Data harmonisation ShareThis

Data harmonisation involves recoding or modifying variables so that they are comparable across research studies.

What does harmonising data involve and why is it important?

In order to make full use of the cohort and longitudinal studies that we have in the UK, we need to be able to make comparisons both within and across studies. Repeating the same longitudinal analysis across a number of studies allows researchers to test whether results are consistent across studies, or differ in response to changing social conditions.

Cross-cohort analysis helps us understand more about societal change and how changes in the policy environment impact on outcomes for individuals.

What are the challenges?

Different studies have used different methods to collect information on important aspects of respondents’ lives. For example, measures of household income and measures of some senses, such as vision, are collected in quite different ways both within the studies over time and crucially, across the separate studies.

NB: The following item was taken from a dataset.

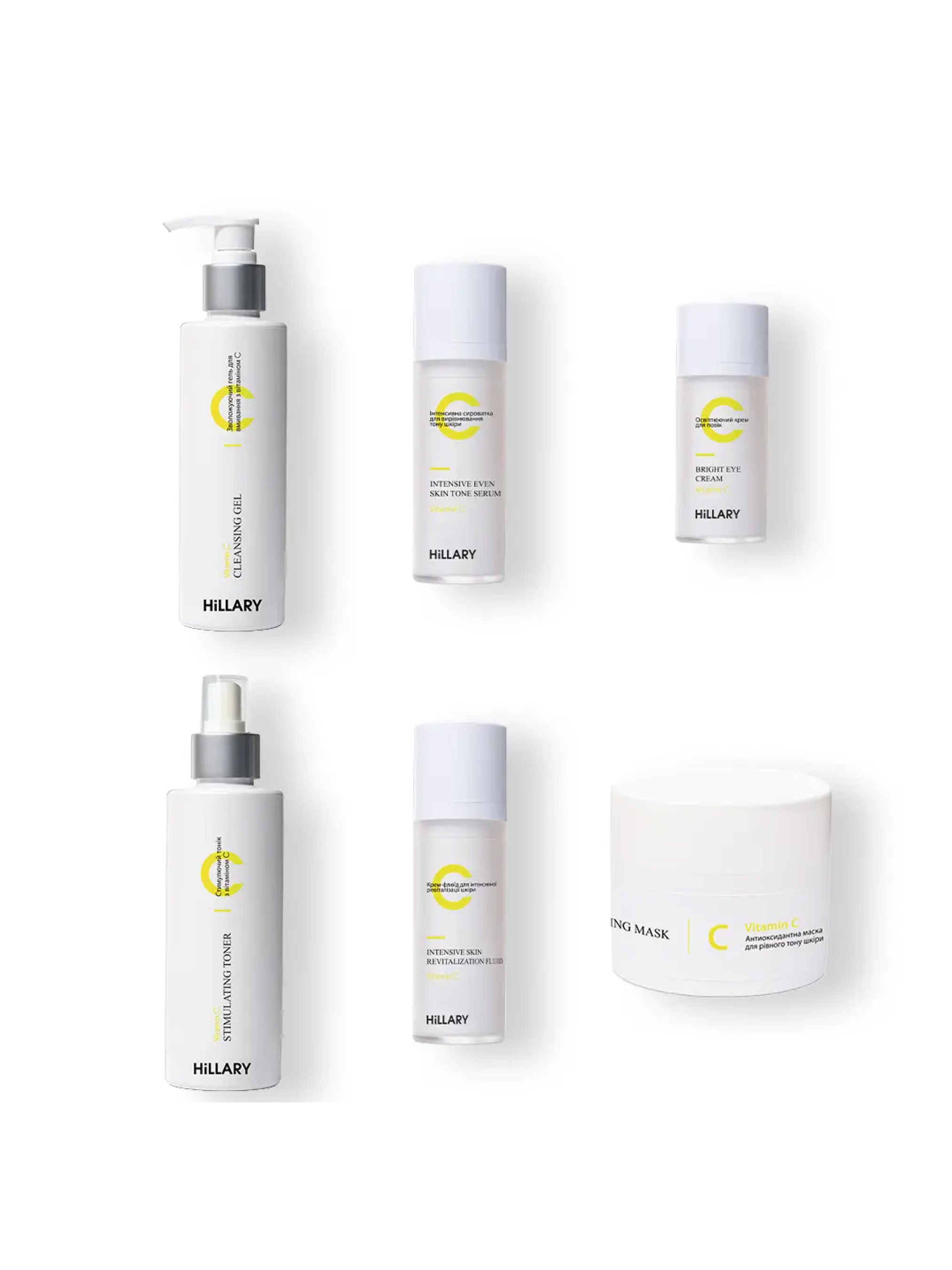 6 кроків до ідеальної шкір з потужним антиоксидантом вітаміном С, що ефективно доглядає за шкірою, усуває постакне та гіперпігментацію та сприяє вирівнюванню тону шкіри за рахунок вироблення колагену. Інтенсивна сироватка зі стабілізованою формою вітаміну С вирівнює тон, відновлює та надає шкірі здорового сяйва. Активно зволожує шкіру завдяки вмісту трегалози. Має антиоксидантну дію та захищає від руйнівної дії навколишнього середовища. Легкий крем-флюїд для обличчя з вітаміном С захищає від руйнівних факторів зовнішнього середовища, які призводять до старіння, втоми та зморшок. Крем для повік з вітаміном С захищає від перших ознак старіння, запобігаючи їхній появі або усуваючи вже наявні недосконалості. Тонік миттєво зволожує, освіжає шкіру та наповнює її сяйвом. Допомагає активним компонентам доглядових косметичних засобів легко проникати в глибокі шари шкіри. Гель для м'якого очищення повністю позбавляє шкіру обличчя від косметики та забруднень, а також стежить за здоров’ям клітин епідермісу. Усуває сухість та лущення на шкірі, залишаючи відчуття шовковистості та гладкості. Має легкий освітлюючий ефект та антиоксидантну дію завдяки вмісту стабілізованого вітаміну С. Маска з вітаміном С, що покращує стан тьмяної, пігментованої та в'янучої шкіри, омолоджує і підтягує. Має антиоксидантну дію, нейтралізує вільні радикали, зменшує прояви гіперпігментації, висвітлюючи та вирівнюючи колір шкіри. Розгладжує і зволожує шкіру, активуючи природний синтез колагену. Після застосування маски шкіра виглядає оновленою, набуває здорового кольору та тонусу. Підходить для шкіри різних типів. До набору входять: Зволожуючий гель для умивання з вітаміном С Hillary Vitamin С Мoisturizing Cleansing Gel, 150 мл; Інтенсивна сироватка для вирівнювання тону шкіри з вітаміном С Hillary Vitamin C Іntensive Еven Skin Tone Serum, 30 мл; Антиоксидантна маска для рівного тону шкіри з вітаміном С Hillary Vitamin C Antioxidant Healthy Brightening Mask, 50 мл; Освітлюючий крем для повік з вітаміном С Hillary Vitamin С Bright Eye Cream, 15 мл; Крем-флюїд для інтенсивної ревіталізації шкіри з вітаміном С Hillary Vitamin C Intensive Skin Revitalization Fluid, 30 мл; Стимулюючий тонік з вітаміном С Hillary Vitamin C Stimulating Toner, 200 мл. Спосіб застосування: Спіньте гель в долонях і нанести на шкіру масажними рухами. Змити великою кількістю води. При потраплянні в очі, негайно промити їх водою. ; Просочіть косметичний диск тоніком і протріть шкіру обличчя, шиї та зони декольте. Може використовуватися вранці та ввечері після процедури очищення шкіри. Підходить для щоденного використання. Нанесіть інтенсивну сироватку на очищену шкіру тонким шаром, дати увібратися 10-15 хвилин. Нанесіть освітлюючий крем під очі легкими рухами на очищену шкіру навколо очей. Рекомендовано використовувати вранці та ввечері. Нанесіть крем-флюїд на очищену шкіру обличчя та шиї легкими масажними рухами. В якості додаткового догляду 2 рази на тиждень використовуйте маску: рівномірно нанесіть щільний шар маски на шкіру обличчя, уникаючи області навколо очей. Залиште на 10-15 хвилин. Потім вологими руками злегка помасажуйте шкіру круговими рухами, після чого ретельно змийте залишки маски прохолодною водою.

What is CLOSER doing about it?

Under the data harmonisation work stream, CLOSER is currently working on 16 work packages:

Work Package 1: Harmonisation of measures of body size and body composition

The team is based at the MRC Unit for Lifelong Health and Ageing at UCL, and is led by Rebecca Hardy with Will Johnson. It harmonised body size and body composition variables across cohort studies; height, weight, and BMI. They published a paper in PLOS Medicine journal in May 2015 outlining their findings. Will Johnson also presented at CLOSER’s cross-cohort research workshop in September 2015.

Harmonised Height, Weight and BMI in five longitudinal studies is now available to download from the UK Data Service.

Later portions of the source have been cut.